Once the guaranteed rate ends however, the physician-investor is at the mercy of the insurance company’s renewal rate.

MVAs have offered higher interest rates but function much like bonds if surrendered before the end of the guarantee period. If interest rates have declined, the cash surrender value increases and vice versa. This can be mitigated by “laddering” as one would do with bonds.

Literature Review

In his article “Annuities on the Horizon” (Financial Strategies, Fall 1996, pp. 44–46, Investors Financial Group Inc.), author Clifford Jack acquainted financial advisors and others with a recoup of vintage annuities.

For instance, while variable annuities were historically limited to the most basic of investment portfolios, many now offer portfolios that include international equity, mid-cap equity, high yield bonds, REITS, ETFs, and global bonds with many different fund management companies. Others include multiple guaranteed accounts offering competitive interest rates, which provide the flexibility to make a tax-free transfer into these types of accounts or to dollar cost average into the equity accounts.

Indexed Annuities

The equity indexed annuity product allows participation in the upside of the S&P 500 Index by crediting an interest rate that is tied directly to the performance of the index. Most guarantee a percentage participation rate that varies depending on the current interest rate environment. If the contract is held until the end of the guarantee period, investors can be assured of a return of original premium, plus a minimum guaranteed interest rate of 3%.

An equity indexed-annuity is likely to outperform fixed annuities when interest rates are low and variable annuities when the market is trending downward. They permit participation in stock market-like rates of return with downside protection.

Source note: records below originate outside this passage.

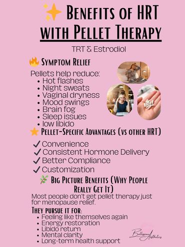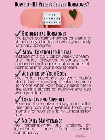 We offer Bioidentical Hormone Replacement Therapy (BHRT) using hormone pellets — a convenient, long-lasting solution for hormone imbalance in both women and men. Pellet therapy uses plant-derived hormones that are structurally identical to those your body naturally produces. Tiny pellets, about the size of a grain of rice, are inserted just under the skin during a quick in-office procedure. These pellets release a consistent, steady dose of hormones over several months.
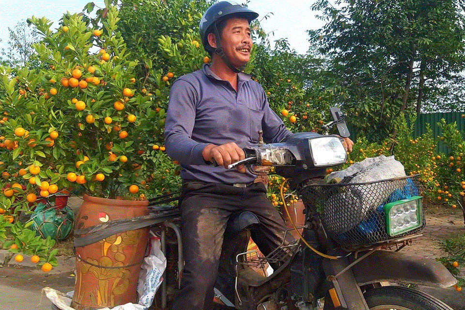 "Trung bình mỗi ngày chạy được từ 7 đến 10 chuyến, giá chở cây cảnh tùy thuộc vào quãng đường nhưng dao động từ 50 đến 300 nghìn đồng, trừ chi phí mỗi ngày cũng kiếm được hơn một triệu đồng", anh Lê Duy Phát ở TP Hà Tĩnh nói khi đang bê cây quất Tết lên xe để chở về nhà cho khách.
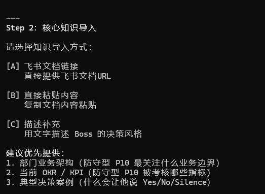 我收集了:老板发的所有周报和邮件、老板在群里发的所有分析判断、老板给我方案的各种批复意见、老板在公开场合的所有分享。然后开始做 Skill 蒸馏。

And, for retirement age physician investors, look at immediate versions of equity index annuity products, which link income payments to an index and thereby offer an inflation hedge.


Faced with a rocky market and unknown interest rate scenarios, annuities may be a consideration to the portfolios of suitable physicians; if costs are appreciated, other qualified retirement plans fully funded and time-line long. Comments on this often contentious topic, are appreciated. Are these annuities an insurance product, investment product, or both; and why not use a “purer-play for same?”